+++ INFORMATION

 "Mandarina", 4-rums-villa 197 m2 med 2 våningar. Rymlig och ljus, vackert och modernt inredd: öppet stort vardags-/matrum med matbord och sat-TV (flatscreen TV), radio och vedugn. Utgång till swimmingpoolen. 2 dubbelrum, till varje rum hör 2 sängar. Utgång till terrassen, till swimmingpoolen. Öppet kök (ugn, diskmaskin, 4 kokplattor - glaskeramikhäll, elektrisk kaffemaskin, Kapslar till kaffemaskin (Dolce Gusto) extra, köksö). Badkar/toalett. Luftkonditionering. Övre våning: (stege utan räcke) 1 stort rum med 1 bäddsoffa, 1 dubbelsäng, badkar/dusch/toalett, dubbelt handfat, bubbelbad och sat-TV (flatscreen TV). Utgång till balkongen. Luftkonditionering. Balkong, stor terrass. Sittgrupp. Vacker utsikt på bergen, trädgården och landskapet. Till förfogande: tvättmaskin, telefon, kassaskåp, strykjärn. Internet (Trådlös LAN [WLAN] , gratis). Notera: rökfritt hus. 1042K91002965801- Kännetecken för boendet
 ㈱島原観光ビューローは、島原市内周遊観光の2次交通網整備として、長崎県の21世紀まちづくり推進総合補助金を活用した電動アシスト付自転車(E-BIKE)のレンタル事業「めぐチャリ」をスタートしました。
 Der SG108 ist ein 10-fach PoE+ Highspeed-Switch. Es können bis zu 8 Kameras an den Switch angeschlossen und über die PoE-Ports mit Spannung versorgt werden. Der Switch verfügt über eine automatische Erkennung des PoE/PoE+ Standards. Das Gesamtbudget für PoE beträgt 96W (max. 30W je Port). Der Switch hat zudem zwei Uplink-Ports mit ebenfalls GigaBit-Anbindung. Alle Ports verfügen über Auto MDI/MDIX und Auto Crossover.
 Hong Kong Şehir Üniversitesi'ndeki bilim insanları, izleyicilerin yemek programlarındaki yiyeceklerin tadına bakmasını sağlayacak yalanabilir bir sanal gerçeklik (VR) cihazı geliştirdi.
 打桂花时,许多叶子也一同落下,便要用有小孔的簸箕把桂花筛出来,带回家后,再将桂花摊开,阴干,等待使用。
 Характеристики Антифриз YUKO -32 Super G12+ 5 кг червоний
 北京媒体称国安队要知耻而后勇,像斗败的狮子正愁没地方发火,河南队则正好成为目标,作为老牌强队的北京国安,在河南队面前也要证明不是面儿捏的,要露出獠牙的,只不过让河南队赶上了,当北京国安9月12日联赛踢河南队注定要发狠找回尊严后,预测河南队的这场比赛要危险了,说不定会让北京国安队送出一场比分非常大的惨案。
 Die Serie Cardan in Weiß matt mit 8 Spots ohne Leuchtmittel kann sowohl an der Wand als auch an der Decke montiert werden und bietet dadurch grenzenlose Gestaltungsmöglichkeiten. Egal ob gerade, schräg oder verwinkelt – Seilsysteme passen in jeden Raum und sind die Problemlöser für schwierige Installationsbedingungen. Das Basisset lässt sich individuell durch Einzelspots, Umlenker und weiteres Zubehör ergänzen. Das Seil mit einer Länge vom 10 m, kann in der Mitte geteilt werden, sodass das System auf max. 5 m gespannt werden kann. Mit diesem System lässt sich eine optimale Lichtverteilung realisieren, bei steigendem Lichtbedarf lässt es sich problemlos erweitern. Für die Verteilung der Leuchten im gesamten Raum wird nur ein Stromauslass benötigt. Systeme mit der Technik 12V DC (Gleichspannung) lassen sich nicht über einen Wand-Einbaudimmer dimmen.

++++++

ASSIGNMENT
Return only the part of the records above that opens with the line containing "Hong Kong Şehir" and closes with the line containing "Характеристики Антифриз YUKO", ends included.

WRITTEN SOLUTION
 Hong Kong Şehir Üniversitesi'ndeki bilim insanları, izleyicilerin yemek programlarındaki yiyeceklerin tadına bakmasını sağlayacak yalanabilir bir sanal gerçeklik (VR) cihazı geliştirdi.
 打桂花时,许多叶子也一同落下,便要用有小孔的簸箕把桂花筛出来,带回家后,再将桂花摊开,阴干,等待使用。
 Характеристики Антифриз YUKO -32 Super G12+ 5 кг червоний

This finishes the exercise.